15:30-16:45 Session 8: Organic Computing Applications 1 (OC2)
15:30
Abstract Artificial DNA’s Improved Time Bounds

ABSTRACT. The Artificial DNA (ADNA) has proven to be a valuable tool for designing distributed embedded systems that are self-organizing, self-healing, and self-configuring. However, the practical application of ADNA has been limited by the need for extensive knowledge about the targeted hardware and available sensors, which hinders reusability and adaptability of existing ADNAs. To address this challenge, the abstract ADNA (A2DNA) has been proposed as a solution. In an A2DNA, sensor elements are replaced with abstract sensors that describe the required sensory input properties. Only when the A2DNA is initialized on the target hardware are these abstract sensors specified by a combination of actual available sensors. Furthermore, a semantic knowledge base provides information about the hardware’s sensors and their relationships. To convert an A2DNA into a hardware-specific ADNA, knowledge about how to calculate a required sensor value that cannot be directly measured from other available sensors is necessary. This paper presents and analyzes two algorithms that determine this knowledge.

15:55
Evaluating the Comprehensive Adaptive Chameleon Middleware for Mixed-Critical Cyber-Physical Networks

ABSTRACT. Cyber Physical Systems (CPS) are growing more and more complex due to the availability of cheap hardware, sensors, actuators and communication links. A network of cooperating CPSs (CPN) additionally increases the complexity. Furthermore, CPNs are often deployed in dynamic, unpredictable environments and safety-critical domains, such as transportation, energy, and healthcare. In such domains, usually applications of different criticality level exist. As a result of mixed-criticality, applications requiring hard real-time guarantees compete with those requiring soft real-time guarantees and best-effort application for the given resources within the overall system.

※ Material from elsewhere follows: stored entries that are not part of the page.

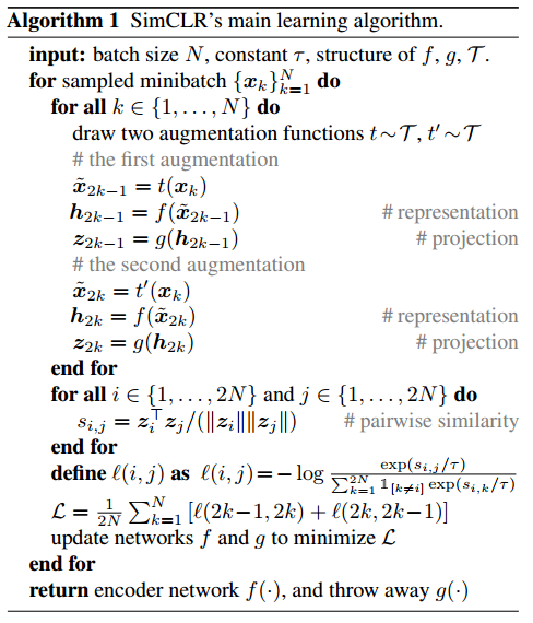하나의 이미지에 2개의 transformation을 적용합니다. 만약 8192 batch size를 사용한다면 한 배치내에 16382의 negative sample이 존재합니다. 2개은 positive pair 입니다. batch size가 너무 커도 학습이 unstable 하므로 LARS optimizer와 Global BN을 사용합니다.
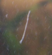It is official. I have the creepiest tank ever. It's a fishless cycling 10 gallon aquarium set at 82 degrees F with several live plants that must have transferred the snail eggs and creepy worms. Substrate is half gravel, half sand. My piece of driftwood is covered in white fungus and long brownish wisps of algae that are also clinging to the tank walls in clumps. The tank has been cycling for just about 2 weeks now. Ammonia is currently at 1 ppm.
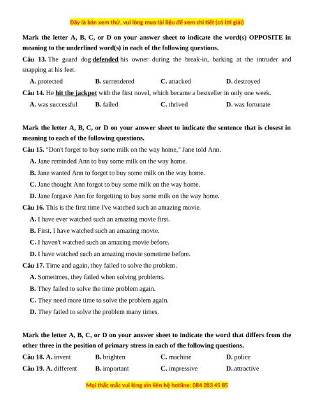 Câu 14. He hit the jackpot with the first novel, which became a bestseller in only one week. A. was successful B. failed C. thrived D. was fortunate
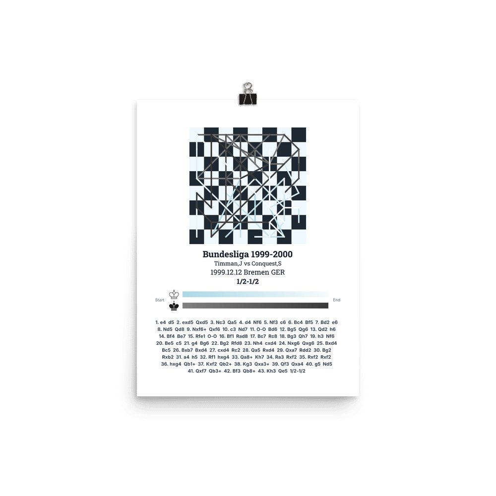 Museum-quality poster on thick, durable matte paper. A sharp, clean look for any chess visualisation.

This poses challenges as well as it offers chances: the increasing complexity makes it harder to design, operate, optimize and maintain such CPNs. However, on the other side an appropriate use of the increasing resources in computational nodes, sensors, actuators can significantly improve the system performance, reliability and flexibility. Hence, Organic Computing concepts like self-X features (self-organization, self-adaptation, self-healing, etc.) are key principles for such systems.

Therefore, the comprehensive adaptive middleware Chameleon has been developed which applies such principles for CPNs. In this paper, the self-adaptation mechanism of Chameleon based on a MAPE-K loop and learning classifier systems is examined and evaluated. The results show its effectivity in autonomously handling the system resources to keep the required constraints of the applications with respect to their criticality.

16:20
CoLeCTs: Cooperative Learning Classifier Tables for Resource Management in MPSoCs
PRESENTER: Klajd Zyla

ABSTRACT. The increasing complexity and unpredictability of emerging applications makes it challenging for multi-processor system-on-chips to satisfy their performance requirements while keeping power consumption within bounds. In order to tackle this problem, the research community has focused on developing dynamic resource managers that aim to optimize runtime parameters, such as clock frequency, voltage and task mapping. There is a large diversity in the approaches proposed in this context, but a class of resource managers that has gained traction recently is that of reinforcement learning-based controllers. In this paper we propose CoLeCTs, a resource manager that enhances the state-of-the-art resource manager SOSA by employing a joint reward assignment policy and enabling collaborative information exchange among multiple learning agents. In this manner we tackle the suboptimal determination of local performance targets for heterogeneous applications and allow cooperative decision making for the learning agents. We evaluate and quantify the benefits of our approach via trace-based simulations.